VectorLite

A tiny, in-process Rust vector store with built-in embeddings for sub-millisecond semantic search.

VectorLite is a high-performance, in-memory vector database optimized for AI agent and edge workloads.
It co-locates model inference (via Candle) with a low-latency vector index, making it ideal for session-scoped, single-instance, or privacy-sensitive environments.

Why VectorLite?

Feature	Description
Sub-millisecond search	In-memory HNSW or flat search tuned for real-time agent loops.
Built-in embeddings	Runs all-MiniLM-L6-v2 locally using Candle, or any other model of your choice. No external API calls.
Single-binary simplicity	No dependencies, no servers to orchestrate. Start instantly via CLI or Docker.
Session-scoped collections	Perfect for ephemeral agent sessions or sidecars
Thread-safe concurrency	RwLock-based access and atomic ID generation for multi-threaded workloads.
Instant persistence	Save or restore collections snapshots in one call.
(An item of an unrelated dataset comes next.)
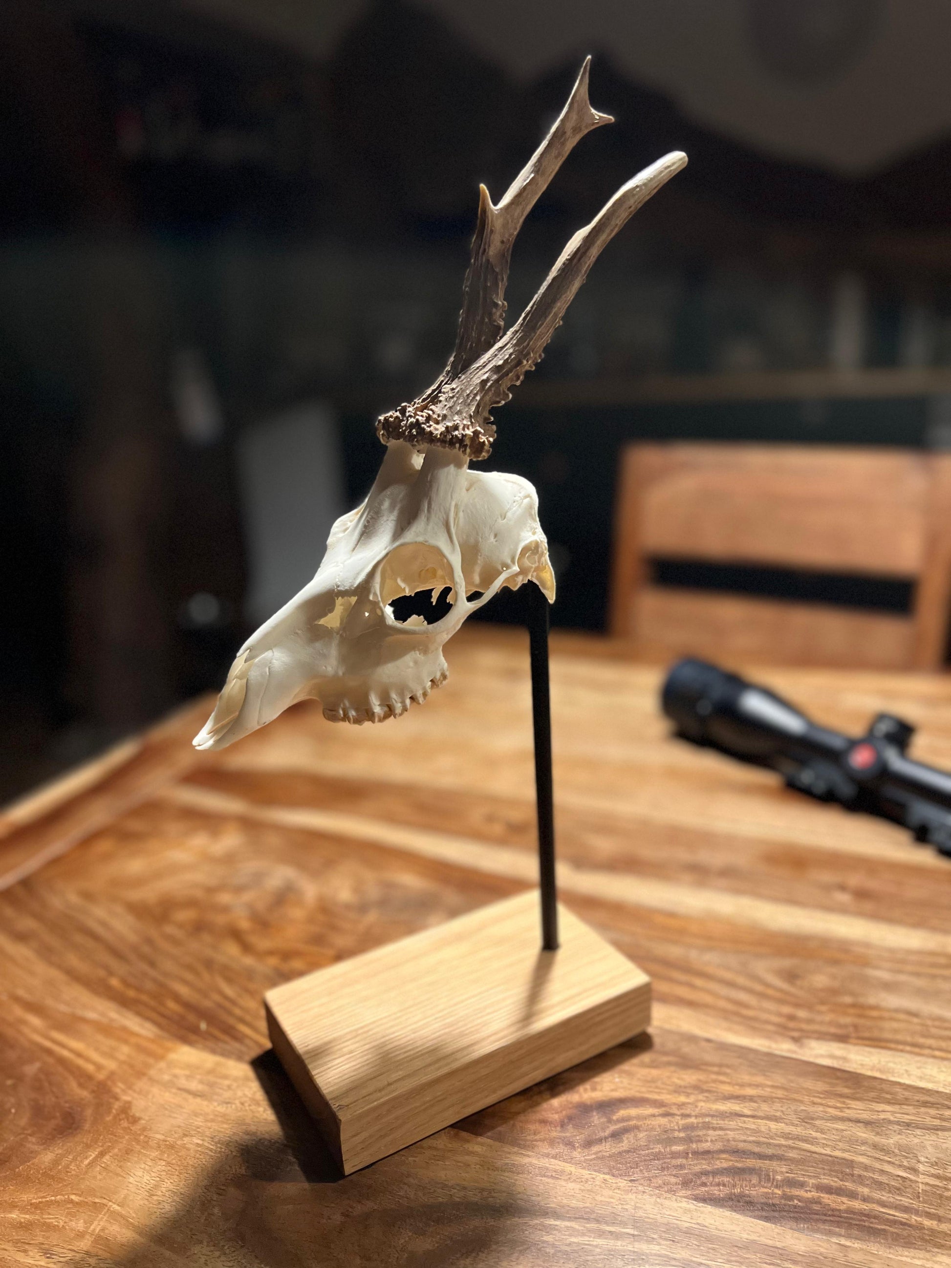 Hochwertiger Trophäenständer aus Holz für Rehwild. Auch für Gams und andere Wildarten mit vergleichbarer Schädelgröße geeignet. In Eiche oder Zirbe. Schonend & stilvoll präsentieren.
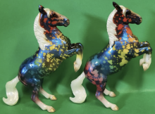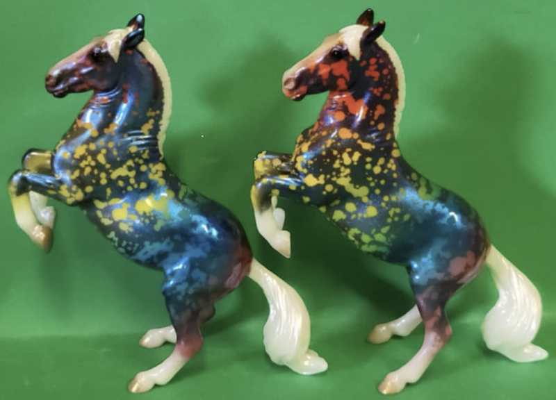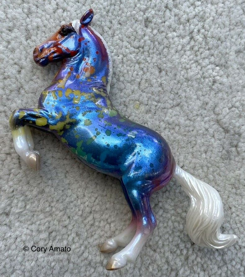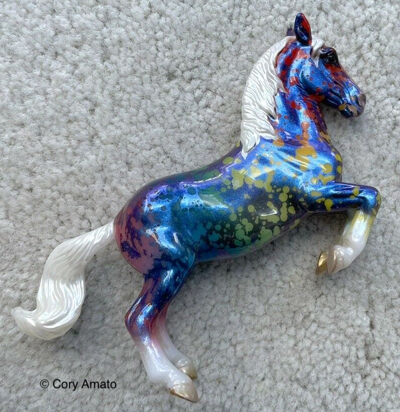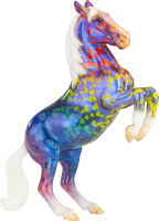 "This model is the last of our Limited Edition Models for this summer’s celebration of BreyerFest: Horse of a Different Color and has been done in an eye-catching rainbow resist splatter dapple on a pearly blue coat with four white socks and white mane and tail. This model has been done on the Lipizzaner Stablemates mold, #5734, originally sculpted by Kelly Sealey." www.breyerhorses.com.

VectorLite trades distributed scalability for deterministic performance, perfect for use cases where latency mattters more than millions of vectors.

When to Use It

Scenario	Why VectorLite fits
AI agent sessions	Keep short-lived embeddings per conversation. No network latency.
Edge or embedded AI	Run fully offline with model + index in one binary.
Realtime search / personalization	Sub-ms search for pre-computed embeddings.
Local prototyping & CI	Rust-native, no external services.
Single-tenant microservices	Lightweight sidecar for semantic capabilities.

Quick Start

Run from Source

cargo run --bin vectorlite -- --port 3001

# Start with preloaded collection
cargo run --bin vectorlite -- --filepath ./my_collection.vlc --port 3001

Run with Docker

With default settings:

docker build -t vectorlite .
docker run -p 3001:3001 vectorlite

With a different embeddings model and memory-optimized HNSW:

docker build \
  --build-arg MODEL_NAME="sentence-transformers/paraphrase-MiniLM-L3-v2" \
  --build-arg FEATURES="memory-optimized" \
  -t vectorlite-small .

HTTP API Overview

Operation	Method & Endpoint	Body
Health	`GET /health`	–
List collections	`GET /collections`	–
Create collection	`POST /collections`	`{"name": "docs", "index_type": "hnsw", "metric": "cosine"}`
Delete collection	`DELETE /collections/{name}`	–
Add text	`POST /collections/{name}/text`	`{"text": "Hello world", "metadata": {...}}`
Search (text)	`POST /collections/{name}/search/text`	`{"query": "hello", "k": 5}`
Get vector	`GET /collections/{name}/vectors/{id}`	–
Delete vector	`DELETE /collections/{name}/vectors/{id}`	–
Save collection	`POST /collections/{name}/save`	`{"file_path": "./collection.vlc"}`
Load collection	`POST /collections/load`	`{"file_path": "./collection.vlc", "collection_name": "restored"}`

HTTP Clients

You can integrate with Vectorlite using the following HTTP client libraries:

Or simply generate your own from Open API specs.

Index Types

VectorLite supports 2 indexes: Flat and HNSW.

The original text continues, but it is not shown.